等待。脉冲信号似乎在进行处理或检索。
几分钟后,回复传来:“对外通讯能力:损坏(物理损坏,天线阵列缺失)。可尝试通过地脉节点中继,但地脉节点对外通讯设备等级:低(检测到老式长波/短波电台,效率低下)。其他幸存者/相关方:无直接记录。备用安全点:记录中有三处,坐标如下……”
接着,脉冲信号发送来三组坐标数字,使用的是另一种陈知行没见过的坐标体系,但大概能看出是经纬度格式,并且附带简单的描述:
坐标A:(数字略),描述:旧矿务局观测站(已废弃,八十年代后期停用),可能有基础遮蔽物,无补给。
坐标B:(数字略),描述:护林员临时屋(季节性使用),距离现有村落较近(约5公里),有被发现的可能。
坐标C:(数字略),描述:气象备份站(极小,高度隐蔽),有太阳能电池板(可能失效),可能有早期无线电设备残骸。
陈知行快速记下这些坐标。坐标C的气象备份站听起来最有价值,可能有还能利用的设备,而且高度隐蔽。
“感谢信息。”陈知行发送,“节点望气,请继续监测网络状态,特别是悬镜节点和外部威胁动态。如有异常,尝试通过此频段通知。承继者将前往坐标C(气象备份站)暂时休整。完毕。”
“信息收到。节点望气将继续监测。警告:网络能量水平低,深层功能无法激活。如需恢复网络,需修复主节点‘藏机’或激活更多次级节点。‘归墟’监测数据流微弱但持续。倒计时状态:正常。祝顺利。信号即将进入节能间歇期。如需联系,请在本地时间每日0600-0605,1800-1805窗口尝试。完毕。”
脉冲信号逐渐减弱,最后消失在背景噪音中。
陈知行摘下耳机,揉了揉发胀的太阳穴。信息量依然巨大,但至少,他们不再是孤军奋战。有一个“望气”节点在暗处提供着有限的监测和信息。他们有了一个新的、可能更安全的落脚点选择。而且,他初步掌握了与节点进行低频通讯的方法。
他看了看时间,接近凌晨四点半。距离“望气”节点提到的下一个通讯窗口(早上六点)还有一个半小时。
他叫醒了李文博,低声将刚才的发现告诉了他。
李文博听完,眉头紧锁,但眼神锐利:“有别的安全点更好。老君观虽然隐蔽,但并非绝对安全,陆振华的人如果搜索范围扩大,或者有当地线人,可能会找到这里。那个气象备份站,如果足够隐蔽,而且可能有设备,对我们更有利。

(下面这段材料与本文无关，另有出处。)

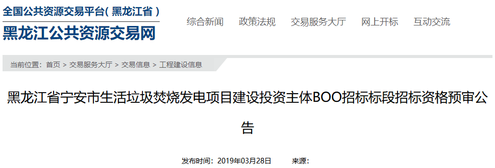 中國環(huán)聯(lián)網(wǎng)獲悉,3月28日,黑龍江省寧安市生活垃圾焚燒發(fā)電項(xiàng)目建設(shè)投資主體BOO招標(biāo)發(fā)布資格預(yù)審公告。項(xiàng)目概況與招標(biāo)范圍項(xiàng)目名稱:黑龍江省寧安市生活垃圾焚燒發(fā)電項(xiàng)目建設(shè)投資主體BOO招標(biāo)建設(shè)方式:采用BOO特許經(jīng)營方式建設(shè),中標(biāo)人須按《中華人民共和國公司法》和相關(guān)企業(yè)法等國家有關(guān)法律、法規(guī)以及政策規(guī)...
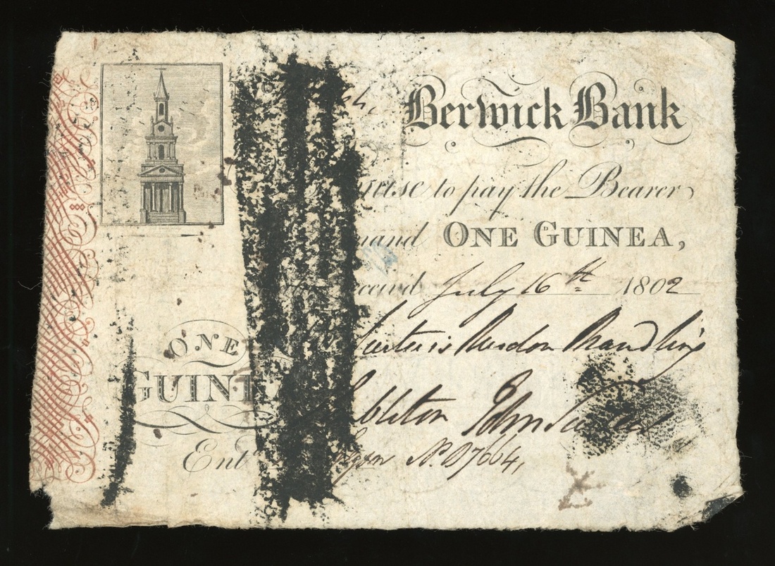 Berwick Bank, UK, 1 guinea, 1 October 1802, serial number 76641, ink, lower left corner missing tip, fine

但赵峰的情况……”
“赵峰的烧退了,伤口感染在药物控制下。只要不剧烈运动,慢慢走应该可以。”张薇也醒了,她检查了赵峰的状况后说,“我们不能在这里久留。电台信号虽然微弱,但毕竟是发射出去了,万一被陆振华的人用专业设备监听到,哪怕破解不了内容,也可能定位到大概方向。”
“对,我们必须走,而且要尽快。”陈知行说,“趁着天还没亮,雾还浓。目标,坐标C,气象备份站。”
他们迅速收拾行装。从道观里找到的几件旧道袍被他们裹在外面,多少能起到一点伪装和保暖的作用。手枪和子弹由李文博携带,电台、导航仪、地图、药品和剩下的口粮由陈知行和张薇分别携带。赵峰虽然虚弱,但在搀扶下可以慢慢行走。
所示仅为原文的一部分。